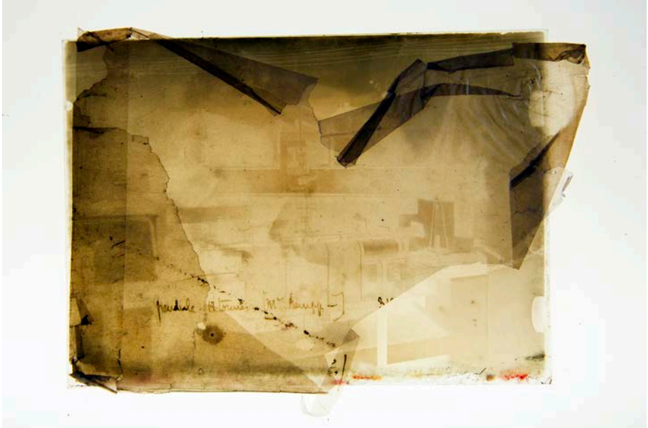
Station de sismologie (vue de l'intérieur), plaque de verre négative, vers 1910, photographie sur table lumineuse, 2019.

L'exposition monographique d'Arno Gisinger établit un dialogue entre la photographie, l'histoire des sciences et l'art sonore en transformant le bâtiment du FRAC Alsace en instrument d'expérience visuelle et physique. Comment représenter l'invisible ?
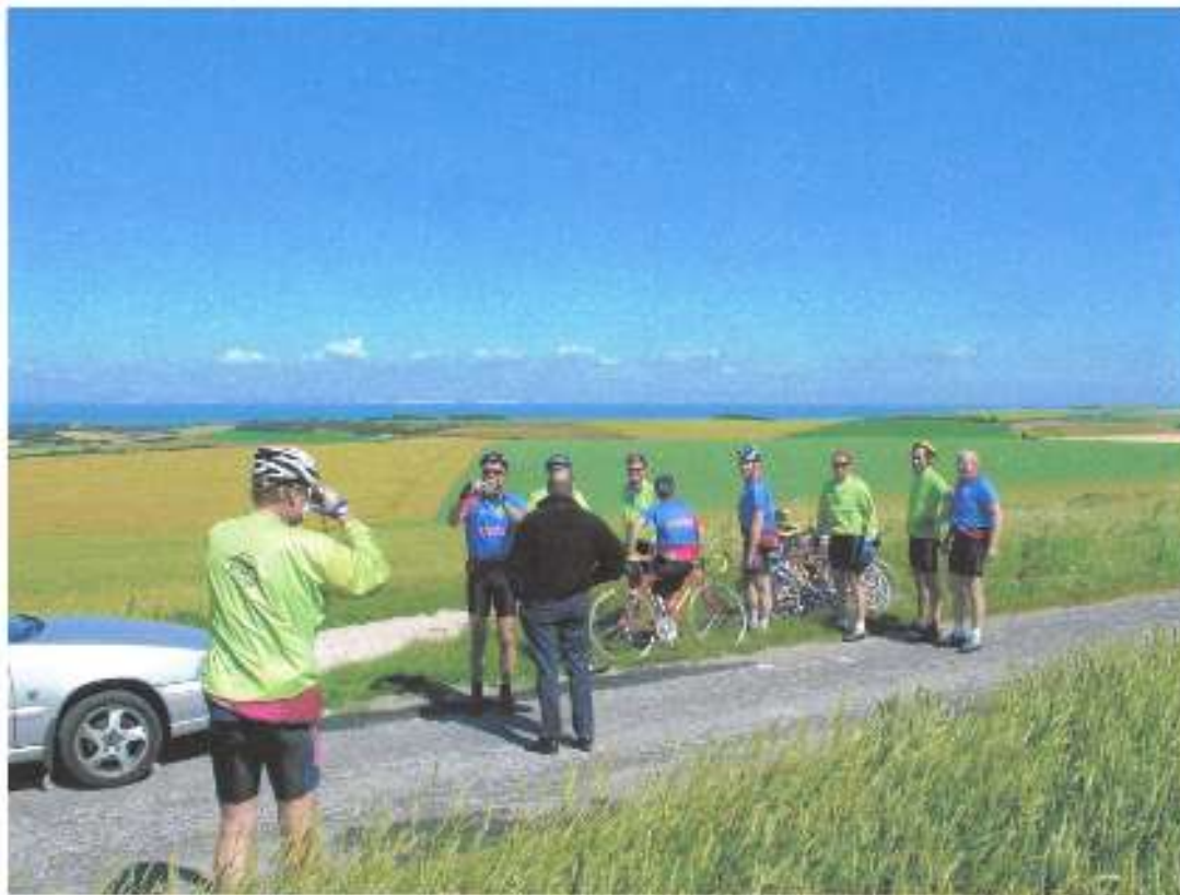
Een zondagochtend in Boulogne sur Mer,

What is being asked: Please copy the data shown above precisely, leaving the images out.

Exercise result:
Station de sismologie (vue de l'intérieur), plaque de verre négative, vers 1910, photographie sur table lumineuse, 2019.

L'exposition monographique d'Arno Gisinger établit un dialogue entre la photographie, l'histoire des sciences et l'art sonore en transformant le bâtiment du FRAC Alsace en instrument d'expérience visuelle et physique. Comment représenter l'invisible ?
Een zondagochtend in Boulogne sur Mer,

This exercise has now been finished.